_Task requirements_
Every line from the top of the records through the one bearing "Szkliwo jest lekko" is to be reproduced exactly, and pictures are to be left out.

_Material for the task_
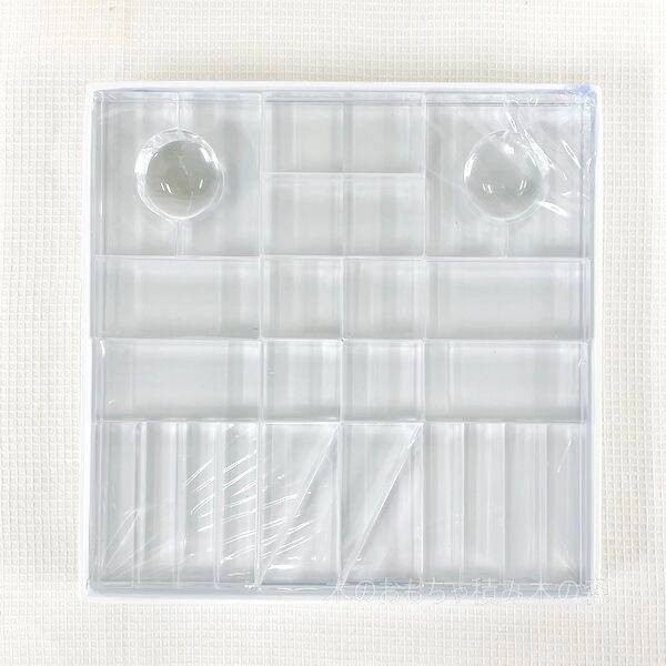 丸、三角、アーチ型など6種類の形とクリア色のボード(板状パーツ)、
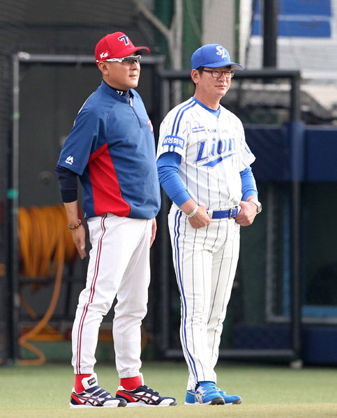 KIA 김기태 감독(왼쪽)과 삼성 류중일 감독이 21일 대구구장에서 후반기 첫 경기를 치르기에 앞서 잠시 만나 대화한 뒤 선수들의 훈련 장면을 지켜보고 있다. 사진제공|스포츠코리아
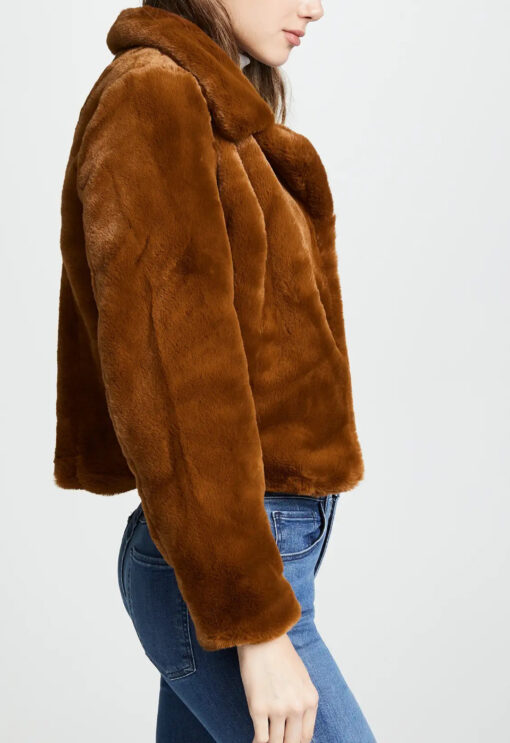 - Style: Faux Fur Teddy Long Sleeve Brown Cropped Jacket Coat
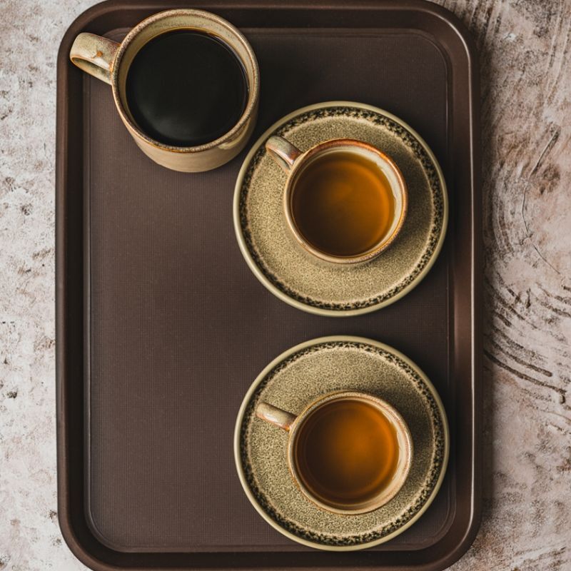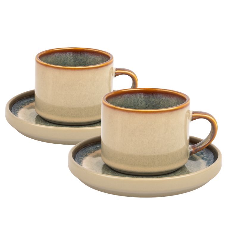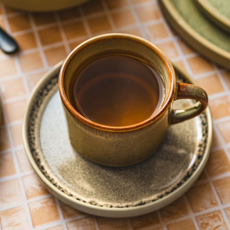Szkliwo jest lekko nieregularne, dzięki temu każda filiżanka ma unikalny, rzemieślniczy charakter. Całość ma matowo-połyskujące wykończenie.
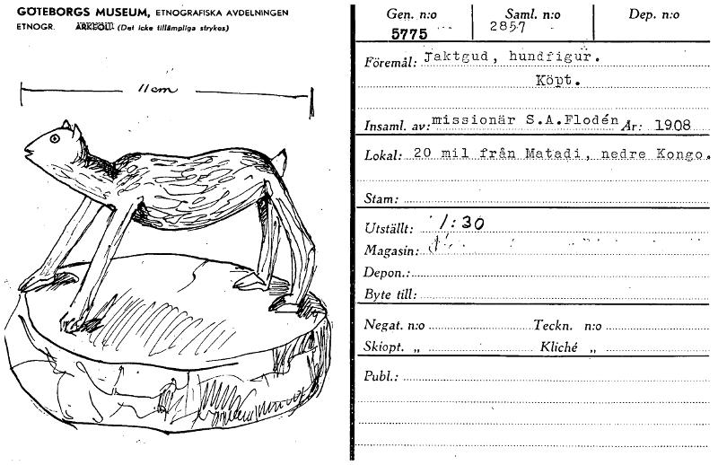 • GOTEBORGS MUSEUM, ETNOGRAFISKA AVDELNINGEN ETNOGR. aktbal (Def icke tilliimpliga strykes) Gen. n:o Saml. n•o 57 7 5 2 8 5.7 Dep. n:o Xaktgud , hundfigur. Föremål: Köpt . mission.är S.A.Floden Insaml. ... Visa hela

_Completed task_
 丸、三角、アーチ型など6種類の形とクリア色のボード(板状パーツ)、
 KIA 김기태 감독(왼쪽)과 삼성 류중일 감독이 21일 대구구장에서 후반기 첫 경기를 치르기에 앞서 잠시 만나 대화한 뒤 선수들의 훈련 장면을 지켜보고 있다. 사진제공|스포츠코리아
 - Style: Faux Fur Teddy Long Sleeve Brown Cropped Jacket Coat
Szkliwo jest lekko nieregularne, dzięki temu każda filiżanka ma unikalny, rzemieślniczy charakter. Całość ma matowo-połyskujące wykończenie.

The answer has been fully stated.